Secrets API in R notebooks
The Databricks Secrets API [Azure|AWS] lets you inject secrets into notebooks without hardcoding them. As of Databricks Runtime 5.5, this API is available in R notebooks in addition to existing support for Python and Scala notebooks. You can use the
dbutils.secrets.get function to obtain secrets. Secrets are redacted before printing to a notebook cell.
Plan to drop Python 2 support in Databricks Runtime 6.0
Python 2 is coming to the end of life in 2020. Many popular projects have announced they will cease supporting Python 2 on or before 2020, including a recent announcement for Spark 3.0. We have considered our customer base and plan to drop Python 2 support starting with Databricks Runtime 6.0, which is due to release later in 2019.
Databricks Runtime 6.0 and newer versions will support only Python 3. Databricks Runtime 4.x and 5.x will continue to support both Python 2 and 3. In addition, we plan to offer long-term support (LTS) for the last release of Databricks Runtime 5.x. You can continue to run Python 2 code in the LTS Databricks Runtime 5.x. We will soon announce which Databricks Runtime 5.x will be LTS.
Enhancements to Databricks Runtime for Machine Learning
With Databricks Runtime 5.5 for Machine Learning, we have made major package upgrades including:
- Added MLflow 1.0 Python package
- Tensorflow upgraded from 1.12.0 to 1.13.1
- PyTorch upgraded from 0.4.1 to 1.1.0
- scikit-learn upgraded from 0.19.1 to 0.20.3
We enabled HorovodRunner to utilize multi-GPU driver-only clusters. Previously, to use multiple GPUs, HorovodRunner users would have to spin up a driver and at least one worker. With this change, customers can now distribute training within a single node (i.e. a multi-GPU node) and thus use compute resources more efficiently. HorovodRunner is available only in Databricks Runtime for ML.
Faster model inference pipelines with improved binary file data source and scalar iterator Pandas UDF – public preview
Machine learning tasks, especially in the image and video domain, often have to operate on a large number of files.

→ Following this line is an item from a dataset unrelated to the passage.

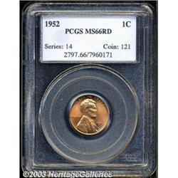 1952 1C MS66 Red PCGS. Highly lustrous with fiery, original color and only a few trivial flecks of carbon.From the Mike Sadler Collection. Important notice: Heritage usually auctions material at the rate of 200-250 lots per hour. On some occasions eBay Live bid software or the Internet may not be able to keep up with the pace of the auction. We recommend placing a realistic absentee bid now as insurance to avoid disappointment. Occasionally the auctioneer may eliminate or reject an eBay Live bid, and the auctioneer may also reopen a lot after the close of the eBay live bidding (usually because we missed an audience bid), and may reject your bid even if it shows you as the winning bidder. By bidding via eBay Live, you agree that Heritage may award the lot to another bidder at its sole discretion under the circumstances described above or any other reasonable circumstances. Also please note that all Heritage lots purchased through eBay Live carry a 20% Buyer's Premium. Please make sure you read the Terms and Conditions before you bid.

In Databricks Runtime 5.4, we made available the binary file data source to help ETL arbitrary files such as images into Spark tables. In Databricks Runtime 5.5, we have added an option,
recursiveFileLookup, to load files recursively from nested input directories. See binary file data source [Azure|AWS].
The binary file data source enable you to run model inference tasks in parallel from Spark tables using a scalar Pandas UDF. However, you might have to initialize the model for every record batch, which introduces overhead. In Databricks Runtime 5.5, we are backporting a new Pandas UDF type called “scalar iterator” from Apache Spark master. With it you can initialize the model only once and apply the model to many input batches, which can result in a 2-3x speedup for models like ResNet50. See Scalar Iterator UDFs [Azure|AWS].